● **WORK TO COMPLETE**
At the line containing "В доме представлено", begin an exact copy of the lines below and continue through the final one, with no pictures.

START GIVEN MATERIAL

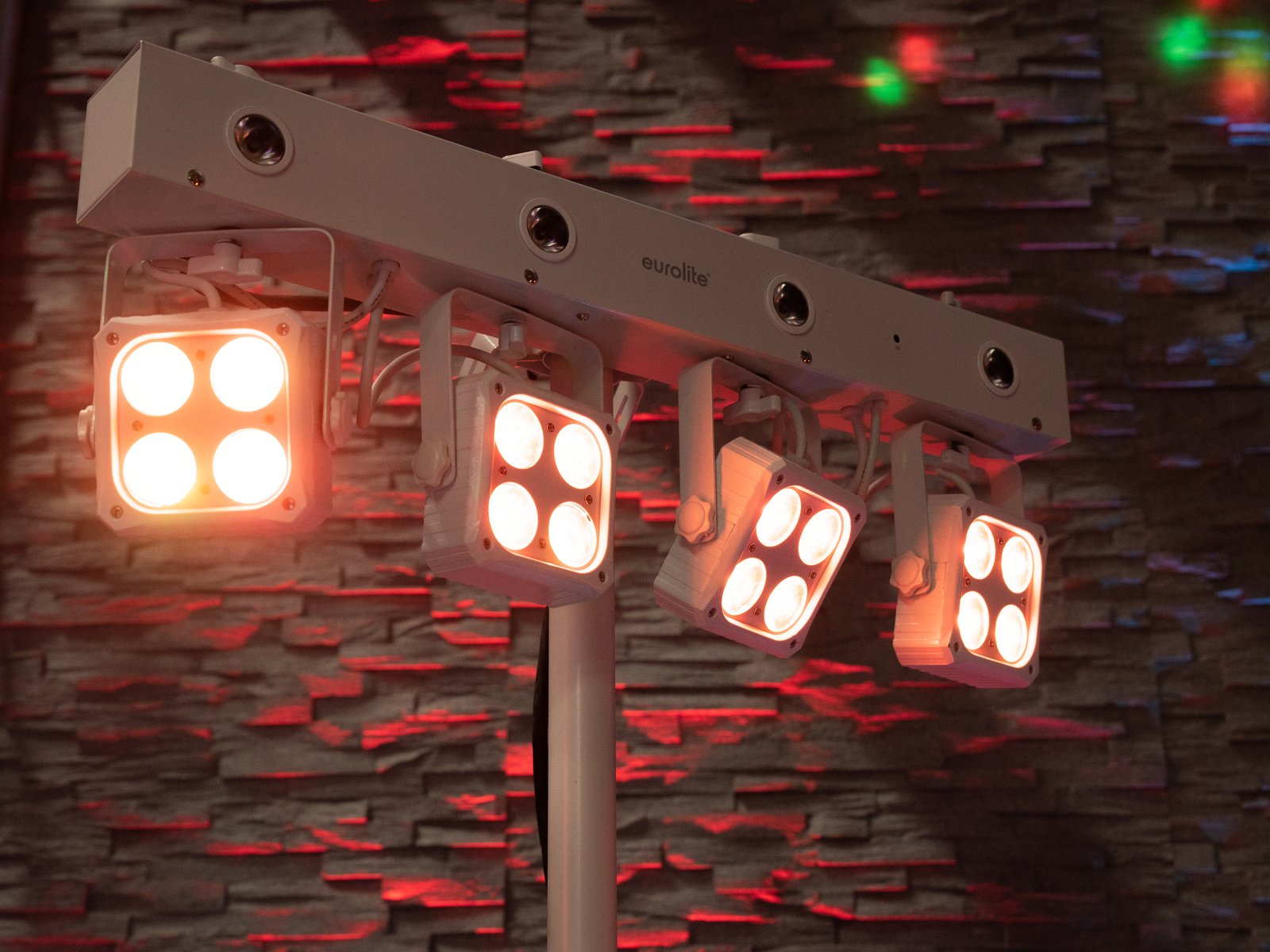 Bar with 4 RGBW spots and 4 white strobe LEDs, with QuickDMX connector (XLR)
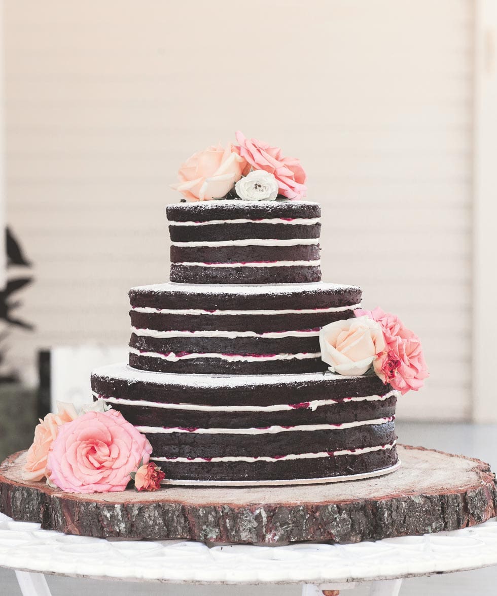 Ob mit hellem oder dunklen Biskuit hergestellt – bei Naked Cakes wird an der Seite komplett auf Creme verzichtet, weshalb sie die schlanke Hochzeitstorte-Variante sind.
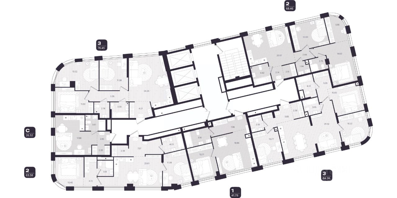 В доме представлено 272 квартиры, от 2 до 9 на этаже, с предчистовой отделкой. Девелопер предлагает более 30 вариантов планировок с гардеробными, просторными санузлами и окнами на 2 стороны.
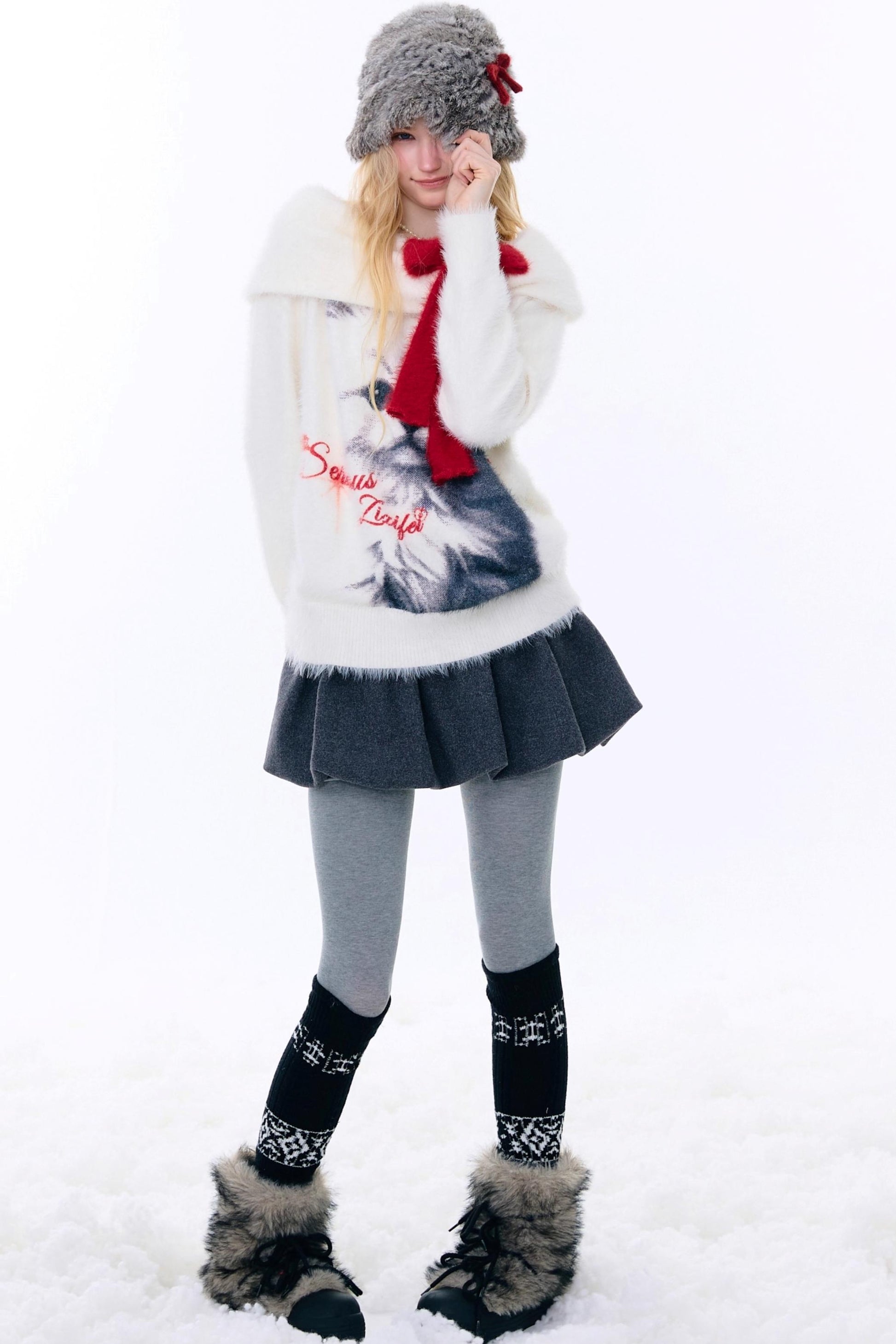 Cat print off-the-shoulder sweater

END GIVEN MATERIAL

● **WRITTEN REPLY**
 В доме представлено 272 квартиры, от 2 до 9 на этаже, с предчистовой отделкой. Девелопер предлагает более 30 вариантов планировок с гардеробными, просторными санузлами и окнами на 2 стороны.
 Cat print off-the-shoulder sweater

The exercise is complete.